The code uses http.ListenAndServeTLS() to act as a webserver

Crucially, we did not specify a TLS curve that we want to use. Under the bonnet in Go 1.23’s tls package, X25519Kyber768Draft00 is the default ‘curve’ (although it is really a curve and a lattice). We can specify overrides, and that will allow us to use other curves, but the x25519Kyber768Draft00 value is un-exported in Go 1.23, meaning it can’t be specified by the user of the tls package.
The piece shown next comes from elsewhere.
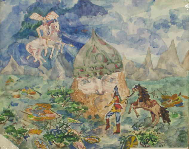 "Богатырь Руслан и царь Огненный щит". Гребнева Маша (акварель).

It is likely to stay this way until NIST finalises a new standard, and the Go team are comfortable committing to a public API for the Kyber integration.

Testing Our Webserver

We can test our webserver by navigating to https://localhost:8443 (or whatever port number has been configured.) Looking at the dev tools in Chrome, we can see the relevant cipher suite:

A screenshot of Google Chrome developer tools, with the cipher suite highlighted. It is X25519Kyber768Draft00

A screenshot of Google Chrome developer tools. The cipher suite is X25519Kyber768Draft00

A zoom in on the other screenshot. The text reads: The connection to this site is encrypted and authenticated using TLS 1.3, X25519Kyber768Draft00, and AES_128_GCM

“The connection to this site is encrypted and authenticated using TLS 1.3, X25519Kyber768Draft00, and AES_128_GCM”

We can see that our browser and our webserver are talking to each other using X25519Kyber768Draft00 hybrid Post-Quantum Cryptography.

As noted before, this is only if you use Go 1.23rc2. In Go 1.22, plain X25519 is used.